На занятиях с Татьяной Ивановной разбирали Ветхий Завет. Но основное внимание уделяли богослужению, праздникам и т. д. Я для себя нового ничего не находил в этих занятиях, потому что жил в это время уже церковной жизнью. Татьяна Ивановна была женщина высокой культуры и широких воззрений, в юности дружила с великим князем Олегом. Советскую власть не признавала. В адрес правительства высказывалась резко. О приходе Мечевых говорила: „У них кастовость…“ Что это была базовая община, я понял сразу. Все всё друг про друга знали, шушукались. Открытость была, но как бы прикровенная. У нее же на квартире проводились систематические вечера, на которых зачитывались рефераты филологического, исторического и религиозного содержания. Я, конечно, не пропускал ни одного вечера, но всегда задавал каверзные вопросы. Например, ей — экклезиологические: „Вот вы всё говорите — Церковь, Церковь. А что такое Церковь?“ Она не могла ответить. Она была, кажется, 1900 года рождения. Но общались мы с ней на равных. Она меня очень любила, и я, разумеется, ее тоже.

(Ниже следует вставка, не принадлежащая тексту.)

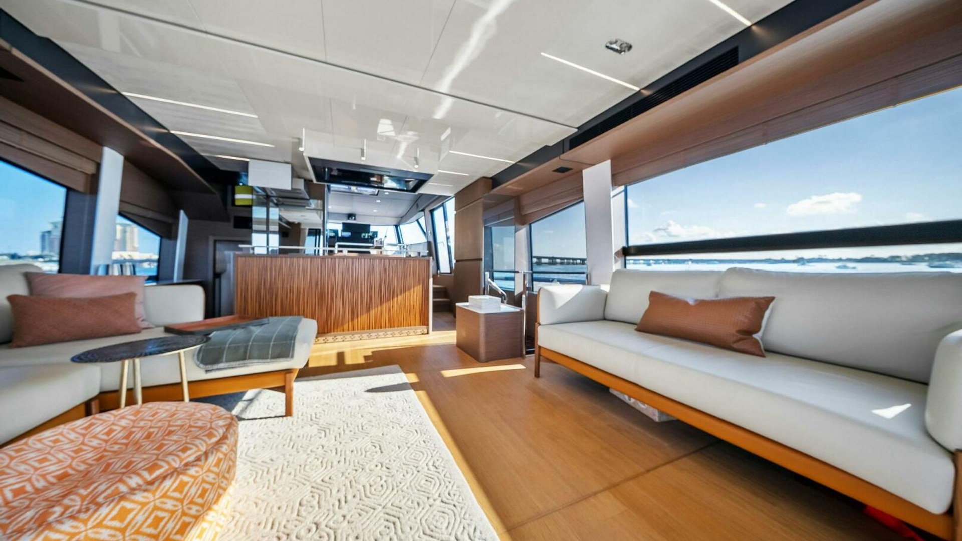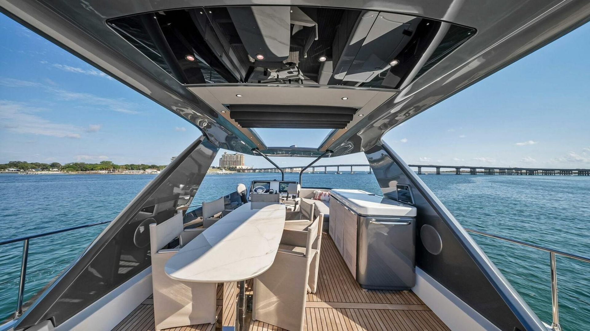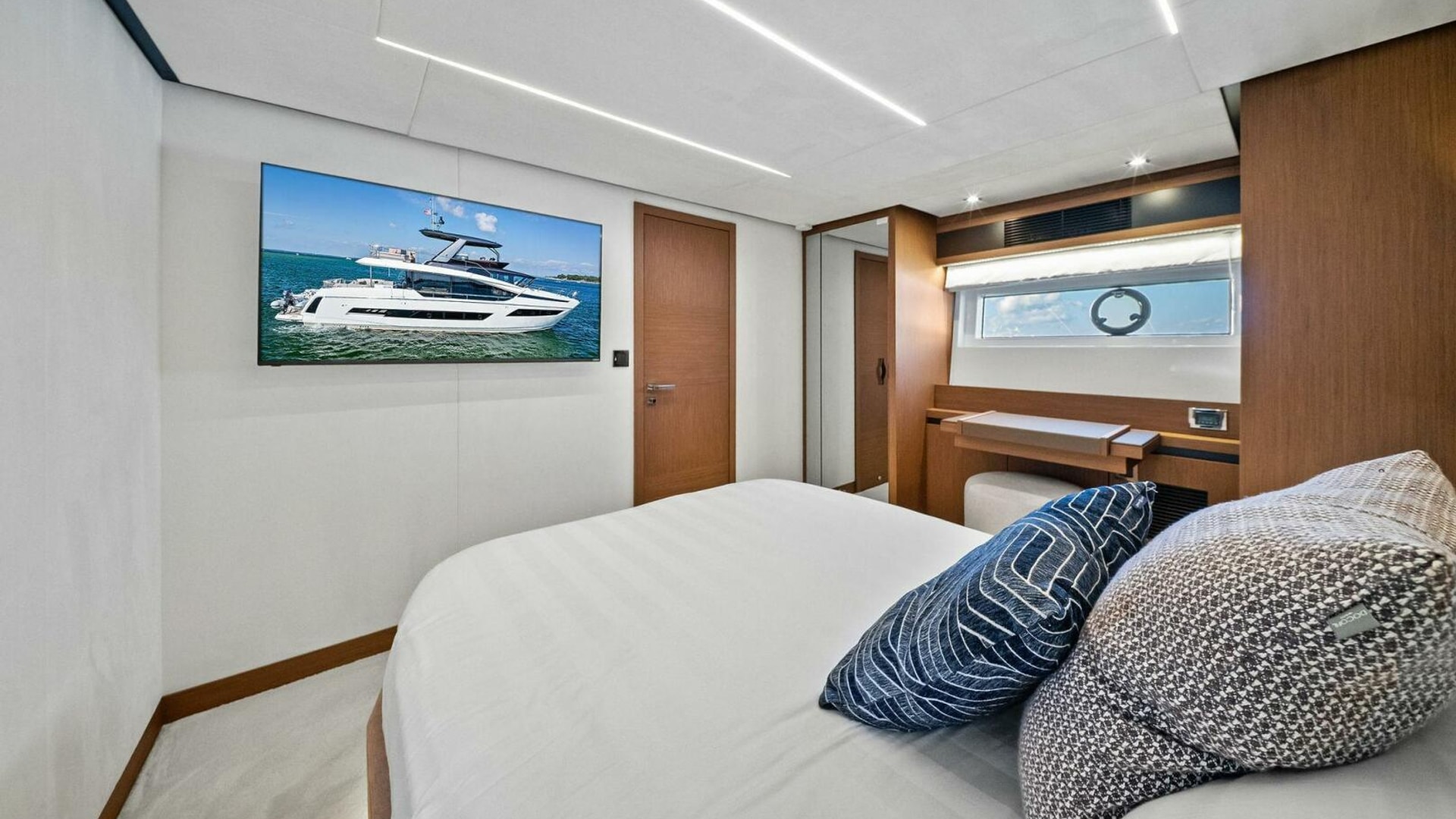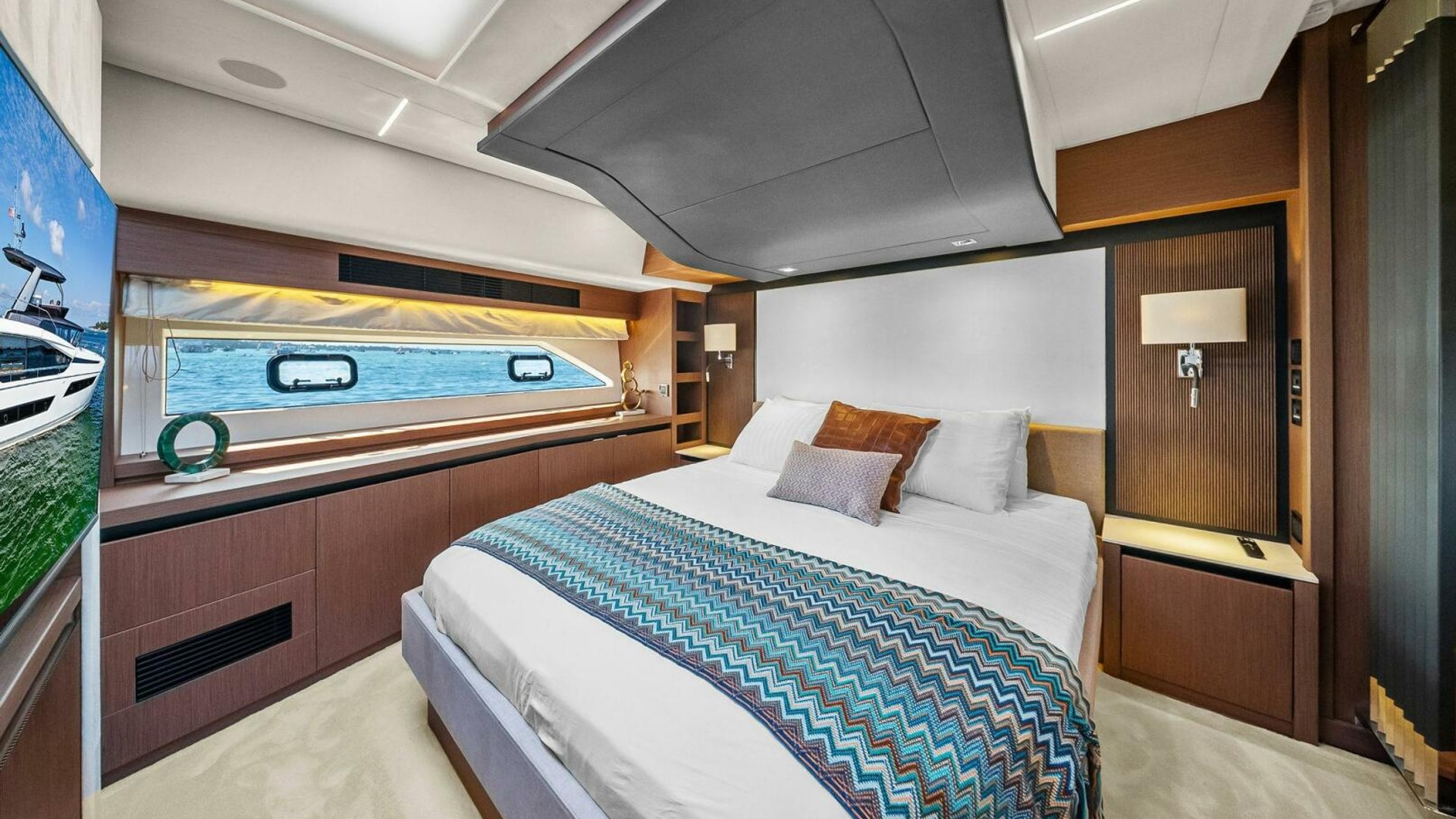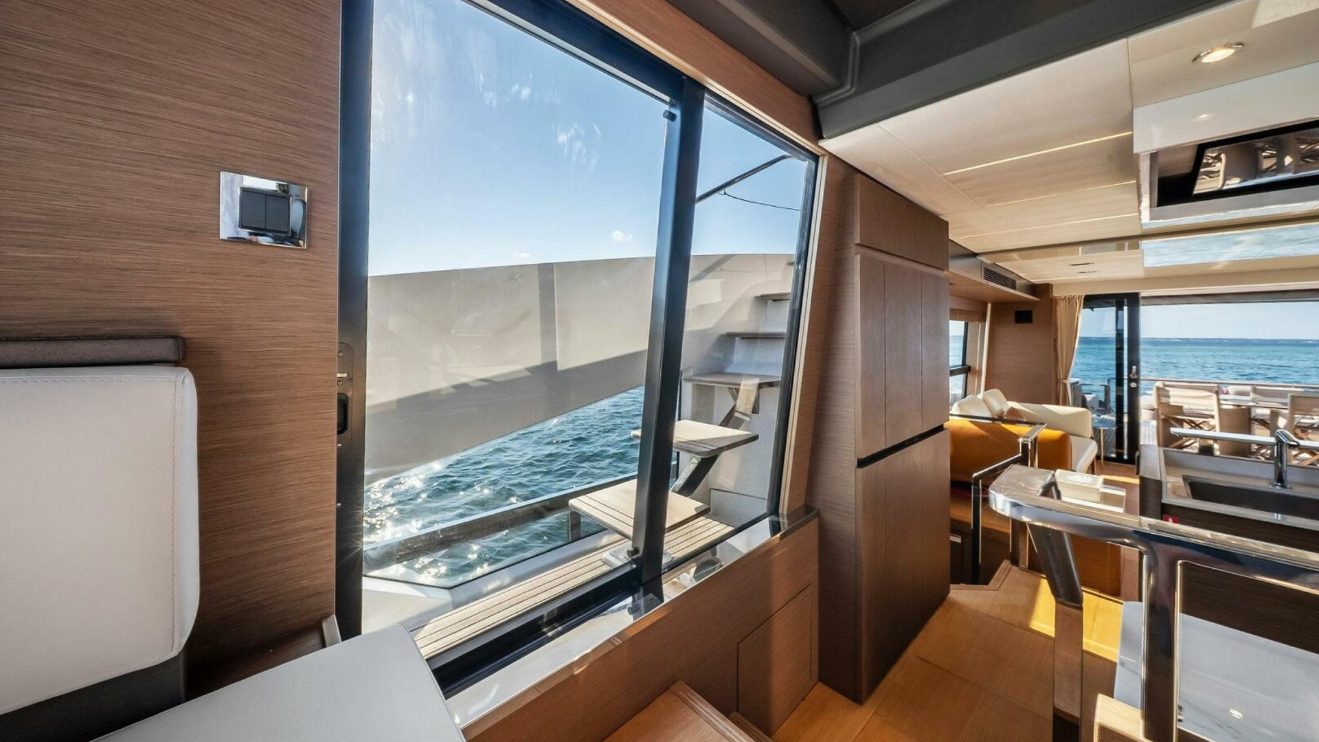 - Helm with Garmin Chartplotters, Volvo IPS Joystick, VHF, Compass, Sounder, Radar, Seakeeper Controls

Собирались в доме у Татьяны Ивановны специалисты высокого класса: историки, биологи, химики, антропологи. Один из них, священник отец Николай Голубцов, в будущем меня благословил на священство.
Чему мечевцы были открыты — это культуре. Татьяна Ивановна прочитала критику на Виппера, который в очередной своей книге доказывал, что в I веке христианства не было. Будто возникло оно во II веке, как теория каких-то коммерсантов… Советская наука отмалчивалась по этому поводу, но книги Виппера печатались вовсю. Так вот, Татьяна Ивановна дала отпор. Ее реферат послужил толчком к написанию моей книги „Исторические пути христианства“. Это был мой первый серьезный исследовательский труд.
Конечно, этот круг оказал на меня косвенное влияние. Я увидел и запомнил, как живет базовая община. Елки, религиозные праздники. Им был свойствен интеллигентский традиционализм, ностальгия по отнятой России. Великий князь Олег олицетворял для Татьяны Ивановны золотой век. Как им было объяснить, что это — идеализация прошлого, в котором золота было на грош…»[40]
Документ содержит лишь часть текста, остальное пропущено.